Well I guess funeticals brother-in-law was right, cause ol funs not been back since the water bag experiment. I miss his witty observations. Guess I'll have to try the water bag thing in the spring and see what happens. If I disappear also you might not want to try the hanging bag thing...


----------



## oldognewtrick (Mar 24, 2010)

Come on funetical, give us an update. Somone else is having fly problems. See other post, did this work?


----------



## funetical (Mar 24, 2010)

Funny I get the occasional email which brings me back. I guess it did. I still think my brother in law is a moron, but unfortunately correct. He still thinks it has something to with their eyes but I think it the refraction of light appearing to be motion that scares them.


----------



## oldognewtrick (Mar 24, 2010)

funetical said:


> *I still think my brother in law is a moron*, but unfortunately correct. QUOTE]
> 
> Yep, got one too...


----------



## funetical (Mar 25, 2010)

Aren't they the greatest. For a know it all he doesn't know much.


----------



## saltbranch (Jun 1, 2011)

One of the old Mexicans at work told me about this method.....claims it works. Told me thats why mexicans are smarter than white people, mexicans hang bags of water that last and white people buy sprays that float away in the wind...LOL(not racist, its an on going Joke between him and I)

Anyways he claims its the way the bagged water fractures the light, thats why the flies keep away from it.


----------



## BritKnee (Jun 1, 2011)

works for me. and the above posts are correct. It's their eyesight. Look thought a hanging bag of water and tell me it wouldnt be mind blowing if you were a 1/4 inch long. 

now imagine that your eyes are like the first pic and your vision is like the second.












Id stay away from hanging bags of terror too!


----------



## oldognewtrick (Jun 8, 2011)

fizzer said:


> that sounds so freaky i dont think that there is actually any reason reason behind this stupid way of getting rid of flies......i'll suggest just use flies spray from any reputable company and that's it you are done.....
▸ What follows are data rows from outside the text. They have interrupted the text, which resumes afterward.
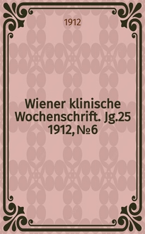 Wiener klinische Wochenschrift / Organ der k.k. Gesellschaft der Ärzte in Wien. Begründet von ... Prof. H. v. Bamberger. Jg.17 1904, №32:. - 1904
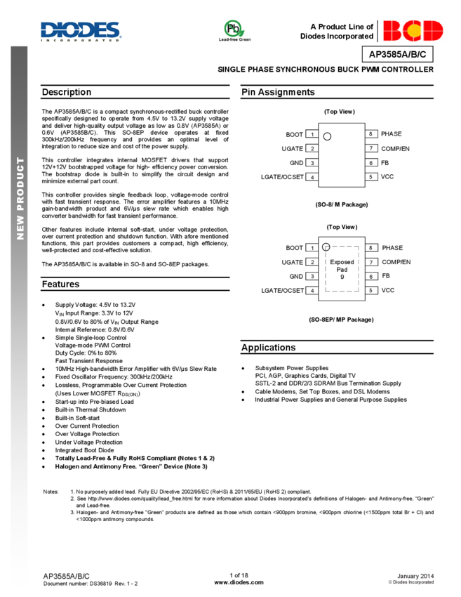 Układ scalony; AP3503MP-G1; DC/DC; 4,5-18V; 1 kanał; stabilizator napięcia; step down; PMIC; 3A; 925mV-; 340kHz; SO8; SMD; RoHS
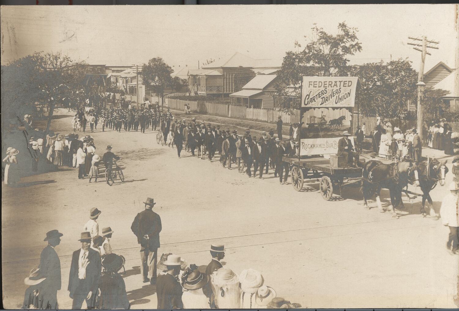 Federated Carters and Drivers Union procession float and marches in residential streetscape with foreground of spectators and onlookers. Parade consists of horse-drawn cart carrying union banner. Inscribed union banner carried on cart 'FEDERATED / CARTERS DRIVERS UNION / ROCKHAMPTN SUB B'.
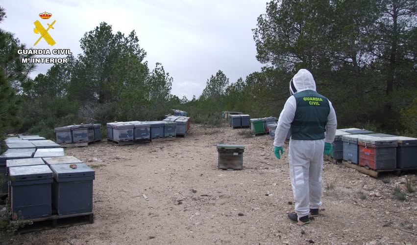 Efectivos de la Guardia Civil de Aýna, dentro de su compromiso para la protección del medio ambiente y la apicultura, han detenido a un vecino de la localidad albacetense de Paterna del Madera, de 56 años de edad, como presunto autor del hurto de quince colmenas apícolas, sitas en un paraje del término municipal ayniego.
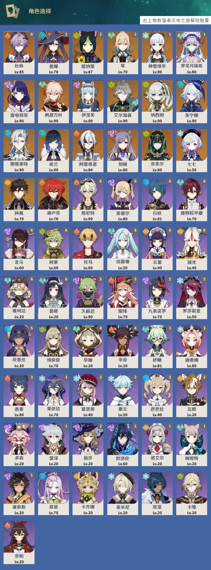 [14564523]48黄 风元素:0命枫原万叶 火元素:6命杜林 0命阿蕾奇诺 水元素:0命芙宁娜 0命那维莱特 0命夜兰 雷元素:0命雷电将军 0命伊涅芙 冰元素:1命神里绫华 岩元素:0命钟离 草元素:0命艾尔海森 0命纳西妲 0命奈芙尔 【常驻五星角色及命座】 风元素:2命琴 1命梦见月瑞希 火元素:0命迪卢克 水元素:3命莫娜 雷元素:0命刻晴 冰元素:0命七七 草元素:2命提纳里 单手剑:精1天空之刃 精1天空之刃 精1裁叶萃光 精1雾切之回光 精1风鹰剑 精1黑蚀 双手剑:精1狼的末路 长柄武器:精1息灾 精1贯虹之槊 精1赤月之形 法器:精1天空之卷 弓:精1若水 精1黎明破晓之史 【角色皮肤】 五星角色:神里绫华-花时来信 夜兰-静暇雅宴 四星角色:菲谢尔-极夜真梦 凝光-纱中幽兰 丽莎-叶隐芳名 行秋-雨化竹身 绮良良-倩影游侠
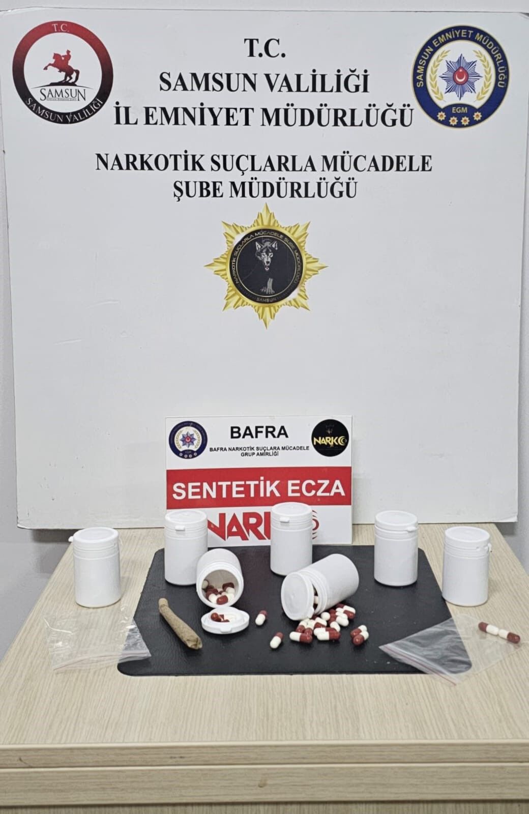 Yapılan aramada 336 adet sentetik hap ve 1 fişek esrar maddesi ele geçirildi.
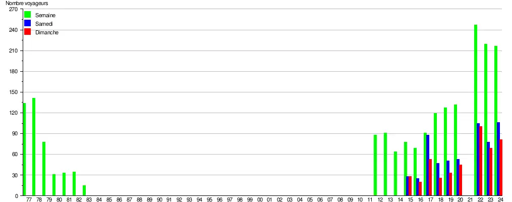 Ce graphique et tableau montre le nombre de voyageurs embarquant en moyenne durant la semaine, le samedi et le dimanche[7].
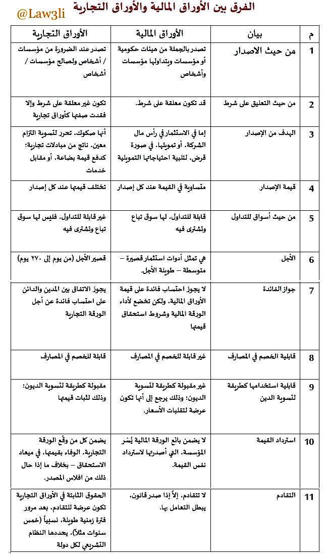 ١٤٢- مقارنة بين #الأوراق_التجارية و الأوراق المالية.

Oh...I beg to differ. Funectuals idiot brother-n-law has sorta, semi, almost proven this kinda works.


----------



## its4sandra (Jul 9, 2012)

Does it work indoors where there isn't sunlight?  I have a prepubescent boy who leaves mostly drank cups of milk all over his room that invite a fly population.


----------



## its4sandra (Jul 9, 2012)

As for the BBQ, we had dogs and the same problem with flies around the deck.  After much research I planted lavender and peppermint around the deck.  It looked nice, smelled nice and helped keep flies and wasps away.


----------



## notmrjohn (Sep 21, 2012)

The water bags seem to be a periodic fad around here. They'll be hanging in restaurant patios, people ask about them, they sjow up at homes. Somebody writes to paper or TV, flurry of bags, letters yea and nay, just like here, all kinds of theories. My fave, fly approaches bag, sees magnified reflection of big scary eyes, flees in terror. :hide: Perhaps it is people going to bags to see what they are or if they are working that terrifies flies.

Then all the sudden the bags are gone. People realize they do nothing. Even see flies on bags. Few years later it starts again. Some restaurant hangs bags....

If you fill plastic milk jugs with water, put one at each corner of yard, dogs will not do their bizness on yard. Lady down the street did it, said some friend told her about it, so she did it. Said that since she put um out not one dog had messed her yard. I asked if that had been a problem before, she looked at me for a while with her mouth open like she was gonna say somethin. Next day jugs were gone.


----------